Directive 51
- Other short titles: NSPD51, HSPD20, ED51
- President: George W. Bush
- Signed: May 4, 2007

Summary
- The directive "establishes a comprehensive national policy on the continuity of Federal Government structures and operations" in the event of a "catastrophic emergency"

= National Security and Homeland Security Presidential Directive =

American directive

The National Security and Homeland Security Presidential Directive (National Security Presidential Directive NSPD 51/Homeland Security Presidential Directive HSPD-20, sometimes called simply "Executive Directive 51" for short), signed by President of the United States George W. Bush on May 4, 2007, is a Presidential Directive establishing a comprehensive policy on the federal government structures and operations in the event of a "catastrophic emergency". Such an emergency is defined as "any incident, regardless of location, that results in extraordinary levels of mass casualties, damage, or disruption severely affecting the U.S. population, infrastructure, environment, economy, or government functions."

The unclassified portion of the directive (which replaced President Bill Clinton's 1998 Presidential Decision Directive 67), was posted on the White House website on May 9, 2007, without any further announcement or press briefings, although Special Assistant to George W. Bush Gordon Johndroe answered several questions on the matter when asked about it by members of the press in early June 2007.

==Details==
This presidential directive defines the "national essential functions" of the federal government, specifies "continuity requirements" for the departments and agencies in the federal government's executive branch, and "provides guidance for state, local, territorial, and tribal governments, and private sector organizations.

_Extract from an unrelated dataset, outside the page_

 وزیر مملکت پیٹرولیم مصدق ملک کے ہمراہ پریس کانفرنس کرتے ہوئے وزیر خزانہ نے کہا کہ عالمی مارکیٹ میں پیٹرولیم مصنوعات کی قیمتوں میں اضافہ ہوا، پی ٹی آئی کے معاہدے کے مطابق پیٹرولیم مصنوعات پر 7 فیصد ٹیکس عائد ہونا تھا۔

It also provides for the Homeland Security Advisor, who is designated as the National Continuity Coordinator, will oversee the "development and implementation of federal continuity policies." This policy development would be done "in coordination with the Assistant to the President for National Security Affairs, without exercising directive authority."

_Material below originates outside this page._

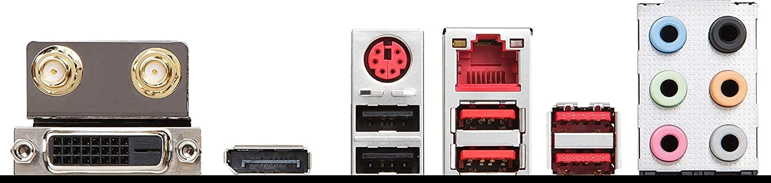 | Back Panel I/O Ports | Wireless / Bluetooth PS/2 Combo Port LAN Port HD Audio Connectors DVI-D Display Port USB 2.0 Ports USB 3.1 Gen1 Ports USB 3.1 Gen2 Ports |

The source text indicates that during a catastrophic emergency the federal government will cooperate as a matter of comity in order to protect the Constitution:

(e) "Enduring Constitutional Government," or "ECG," means a cooperative effort among the executive, legislative, and judicial branches of the Federal Government, coordinated by the President, as a matter of comity with respect to the legislative and judicial branches and with proper respect for the constitutional separation of powers among the branches, to preserve the constitutional framework under which the Nation is governed and the capability of all three branches of government to execute constitutional responsibilities and provide for orderly succession, appropriate transition of leadership, and interoperability and support of the National Essential Functions during a catastrophic emergency;

The source text for NSPD51 repeatedly reaffirms constitutionality and specifically states that "(9) Recognizing that each branch of the Federal Government is responsible for its own continuity programs, an official designated by the Chief of Staff to the President shall ensure that the executive branch's Continuity of Operations and Continuity of Government policies in support of Enduring Constitutional Government efforts are appropriately coordinated with those of the legislative and judicial branches in order to ensure interoperability and allocate national assets efficiently to maintain a functioning Federal Government."

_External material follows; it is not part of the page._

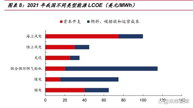 核電項(xiàng)目初期建設(shè)投資高,但綜合考慮運(yùn)營(yíng)、燃料、廢物處理費(fèi)用后的全生命周 期成本后,競(jìng)爭(zhēng)力凸顯。即使三代核電造價(jià)提升,其經(jīng)濟(jì)性仍然很強(qiáng)。而且國(guó)內(nèi)核電 設(shè)計(jì)壽命 40-60 年有余量,到期后一般會(huì)申請(qǐng)延壽 20 年,進(jìn)一步增強(qiáng)了核電的盈利 能力。用平準(zhǔn)化度電成本 LCOE 來(lái)評(píng)測(cè),根據(jù) IEA 測(cè)算,2021 年我國(guó)壓水堆核電站 LCOE 約為 65 美元/MWh,僅次于光伏的 35 美元/MWh 和陸風(fēng)的 45 美元/MWh,且 相對(duì)煤電具有優(yōu)勢(shì)。作為基荷能源,考慮長(zhǎng)期運(yùn)營(yíng)成本,從成本端對(duì)火電、燃?xì)獍l(fā)電 擁有極強(qiáng)替代能力。

Conservative activist Jerome Corsi and Marjorie Cohn of the National Lawyers Guild have said that this is a violation of the Constitution of the United States in that the three branches of government are separate and equal, with no single branch coordinating the others. The directive, created by the president, claims that the president has the power to declare a catastrophic emergency. It does not specify who has the power to declare the emergency over.

The directive further says that, in the case of such an emergency, the new position of "National Continuity Coordinator" would be filled by the assistant to the president for Homeland Security, currently Stephen Miller. The directive also specifies that a "Continuity Policy Coordination Committee", to be chaired by a senior director of the Homeland Security Council staff, and selected by the National Continuity Coordinator, shall be "the main day-to-day forum for such policy coordination".

The directive ends by describing a number of "annexes", of which Annex A is described as being not classified but which does not appear on the directive's Web page:

(23) Annex A and the classified Continuity Annexes, attached hereto, are hereby incorporated into and made a part of this directive.

(24) Security. This directive and the information contained herein shall be protected from unauthorized disclosure, provided that, except for Annex A, the Annexes attached to this directive are classified and shall be accorded appropriate handling, consistent with applicable Executive Orders.

The "National Continuity Policy, Annex A, Categories of Departments and Agencies", available from the Financial and Banking Information Infrastructure Committee website, indicates that "executive departments and agencies are assigned to one of four categories commensurate with their COOP/COG/ECG responsibilities during an emergency".

==Reception==
The signing of this Directive was generally not covered by the mainstream U.S. media or discussed by the U.S. Congress. While similar executive security directives have been issued by previous presidents, with their texts kept secret, this is the first to be made public in part. It is unclear how the National Security and Homeland Security Presidential Directive will reconcile with the National Emergencies Act, a U.S. federal law passed in 1976, which gives Congress oversight over presidential emergency powers during such emergencies. The National Emergencies Act is not mentioned in the text of the National Security and Homeland Security Presidential Directive.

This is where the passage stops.